- [ASSIGNMENT]: Make an exact copy of all the data, pictures excluded.

- [SOURCE RECORDS]:
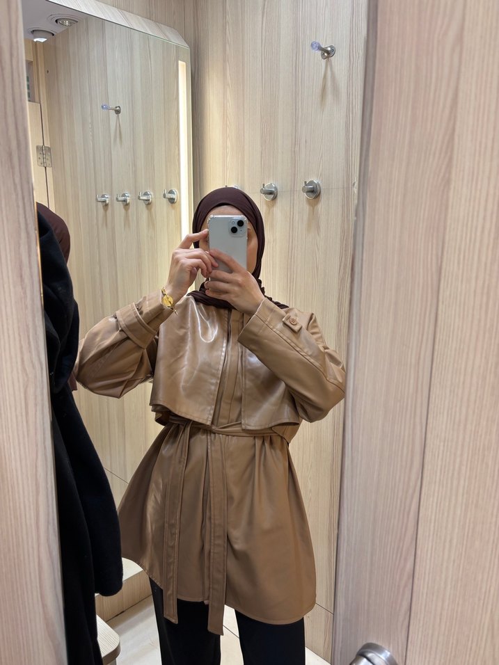 Bej deri midi trençkot, bol kesim, uzun kollu ve yüksek yakalı. Günlük sokak stili için rahat ve şık bir parça. M/L uyumludur S/M almak için satıyorum. Yakasını terzide yaptırdım
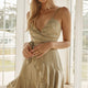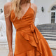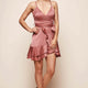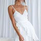 Thin strapped sweetheart fitted cross over dress with frilly trim.
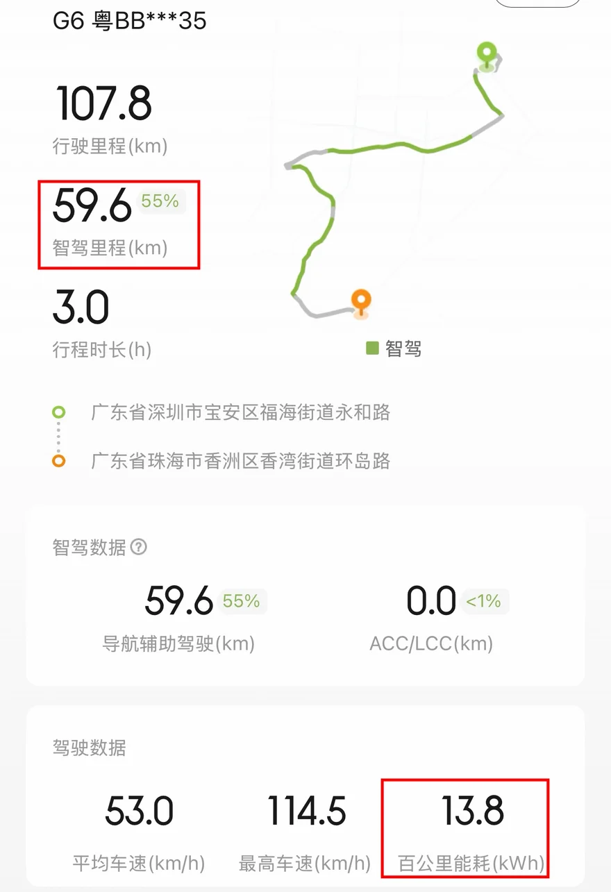 小鹏G6实测表现不错,这次出行精准跑完107.8公里,与导航里程完全吻合,行程精准度拉满。小鹏App同步记录数据,智驾模式行驶里程达59.6公里,占比高达55%,智能出行体验全程在线。更值得一提的是,本次行程百公里能耗仅13.8kWh,兼顾智能与高效的双重优势。无论是日常通勤还是远途出行,小鹏G6都能以精准的行程把控、稳定的智驾表现和出色的能耗控制。
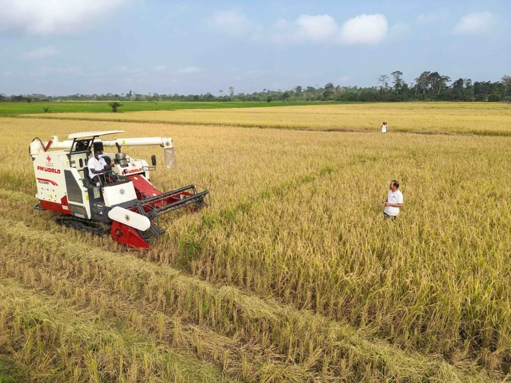 2024年1月8日,在科特迪瓦南部迪沃省格格杜墾區(qū),中國(guó)援科農(nóng)業(yè)技術(shù)合作組組長(zhǎng)郭長(zhǎng)友(右一)指導(dǎo)稻農(nóng)駕駛收割機(jī)收割水稻(無人機(jī)照片)。格格杜墾區(qū)是中科兩國(guó)農(nóng)業(yè)合作示范基地,也是科特迪瓦全國(guó)聞名的水稻種植基地。
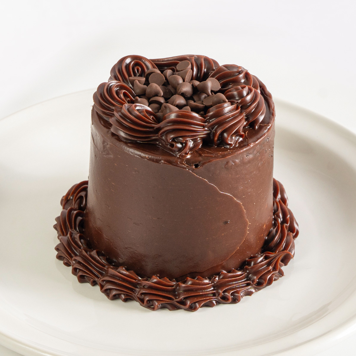 Delicioso pastelito individual cubierto de chocolate obscuro tradicional con un detalle de corazón de temporada.

- [ANSWER TO THIS EXERCISE]:
 Bej deri midi trençkot, bol kesim, uzun kollu ve yüksek yakalı. Günlük sokak stili için rahat ve şık bir parça. M/L uyumludur S/M almak için satıyorum. Yakasını terzide yaptırdım
 Thin strapped sweetheart fitted cross over dress with frilly trim.
 小鹏G6实测表现不错,这次出行精准跑完107.8公里,与导航里程完全吻合,行程精准度拉满。小鹏App同步记录数据,智驾模式行驶里程达59.6公里,占比高达55%,智能出行体验全程在线。更值得一提的是,本次行程百公里能耗仅13.8kWh,兼顾智能与高效的双重优势。无论是日常通勤还是远途出行,小鹏G6都能以精准的行程把控、稳定的智驾表现和出色的能耗控制。
 2024年1月8日,在科特迪瓦南部迪沃省格格杜墾區(qū),中國(guó)援科農(nóng)業(yè)技術(shù)合作組組長(zhǎng)郭長(zhǎng)友(右一)指導(dǎo)稻農(nóng)駕駛收割機(jī)收割水稻(無人機(jī)照片)。格格杜墾區(qū)是中科兩國(guó)農(nóng)業(yè)合作示范基地,也是科特迪瓦全國(guó)聞名的水稻種植基地。
 Delicioso pastelito individual cubierto de chocolate obscuro tradicional con un detalle de corazón de temporada.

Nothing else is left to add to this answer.